毎年ノルマンディー地方へと渡仏してカルヴァドスの造り手を廻り、店名が物語るよう世界に誇るカルヴァドスを所有するバーマンであるが、2013年にフランス現地より“カルヴァドス・アンバサダー”という世界で16人、現地のフランス人が14人を占める中でアジアで唯一の勲章を授与された。
高山氏の生きる道を尊敬しているし、私は己の道を進む中で期間中にフランスで初めて会える事に同い年の親友として何を感じるのだろうか?
店のやり方もスタイルも全く違うのであるが、それを自らが全うしてきた旅の最後に感じれるのを楽しみにしていた。

ホテルから歩いて10分もかからずパリの中心部、1区にあるホテル・リッツに18時の待ち合わせ前に着いた。

ヴァンドーム広場に面したリッツはパリで最も高価なホテルとも云われている壮麗な宮殿ホテルである。

勿論宿泊したこともないが、ホテル内に入るのも初めてであった。

ホテルに入ると煌びやかでエレガントな空間に背筋が伸びた。

従業員1人1人の気品、意識の高さもビシビシと伝わってきていた。

ホテル利用客も同じく、そんな雰囲気がホテルの空間をより高めていて、時間までしばらく通路のギャラリーで人間観察を楽しんでいると遠目から分かるほど身体の大きな、そしてオーラのある高山氏が到着した。ようやくパリで会えた。

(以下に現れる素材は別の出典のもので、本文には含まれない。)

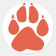Weißer Aufkleber mit orangefarbenem Pappdruck.
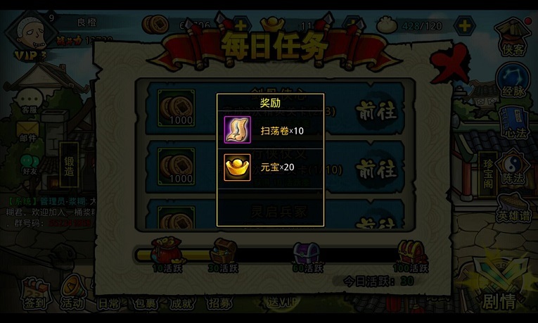 精英副本的扫荡会有次数限制,提升VIP等级会提高每日扫荡的次数上限。快利用扫荡功能飞速升级吧!
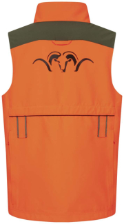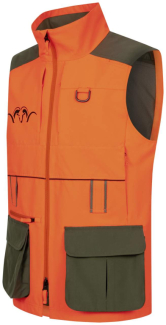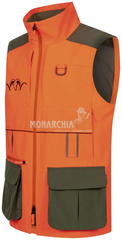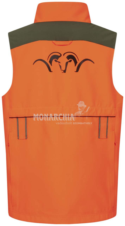 A Blaser Striker mellény narancssárga, magas láthatóságú színben készült, ami növeli a biztonságot a hajtó- és társasvadászatokon, mivel viselője könnyebben észrevehető a társak számára. Ez különösen fontos olyan helyzetekben, amikor több vadász és kutya mozog együtt a terepen. A mellény rendkívül praktikus zsebrendszerrel rendelkezik: elöl találhatók két rádiózseb antennakivezetővel, amelyek fekete, reflektáló Blaser „Argali” nyomattal vannak díszítve, valamint több, kontrasztos elrendezésű első zseb és belső hálós rekesz. Az oldalfalon található övek és hurkok lehetővé teszik többek között kutya póráz, mellövi vagy más felszerelés rögzítését. A hátoldalon egy különösen tágas nagy hátsó zseb található, amely mindkét oldalról könnyen hozzáférhető, kényelmesen zárható cipzárral. A Blaser Striker mellény úgy lett kialakítva, hogy ne csak a kutyavezetők igényeit szolgálja, hanem minden olyan vadász számára ideális legyen, aki szereti a rendezett, jól áttekinthető felszerelést és gyors hozzáférést minden szükséges kiegészítőhöz. A mellény funkcionális részletei és strapabíró anyaghasználata miatt hosszú távú vadászati használatra alkalmas, miközben a narancssárga szín a biztonsági szempontokat is kiemelten kezeli.

ここで待ち合わせした理由はレストランへ行く前に食前酒をバーで飲もうと決めていたからであった。
ホテルの奥にひっそりと佇むバー・ヘミングウェイに向かうと18時の開店前に客の列ができていてびっくりした。
18時にバーの扉が開くとヘッドバーテンダーのコリン・ピーター・フィールド氏が1人1人のゲストを笑顔で出迎えていたが、高山氏を見てコリンさんは満面の笑顔で迎えてくれた。
高山氏がアンバサダー授章式の際に司会者がコリンさんだったのと、またこの式と同じ会場で14ヶ国のバーテンダーによるカルヴァドスベースのカクテルコンペティションが開かれた際に高山氏はコリンさんと一緒にカクテルの審査員もしたことからも、コリンさんにとっても嬉しい再会だったのを歓迎度からも感じた。
コリンさんにカウンターの中央に案内して貰うことになり、高山氏はコリンさんに流暢な英語で私を紹介してくれ初めての挨拶を交わした。
投票により世界で最も偉大なバーテンダーとフォーブス誌にて称されたコリンさんに会いに世界中からゲストが次から次へと集まって来ては、コリンさんは客席を回り1人1人を迎えていた。
カウンターに座ると高山氏は1杯目にいつも来ると飲むというカクテルを直ぐにオーダーしたが、私はおすすめのカクテルからイタリアの家庭酒でレモンの皮を使ってウオッカで作る自家製リモンチェッロをスプマンテで割ったカクテル「ザ・ソレント」をお願いし、高山氏と乾杯となった。

今旅がイタリアからスタートしたのでそのストーリーをなぞったカクテルだったからだ。
私がコニャックからパリ入りした日に高山氏もノルマンディーからパリ入りし、先ずはお互いの目的地で仕事を終えた達成感に満たされた中での乾杯に2人でホッと一息付くことが出来た。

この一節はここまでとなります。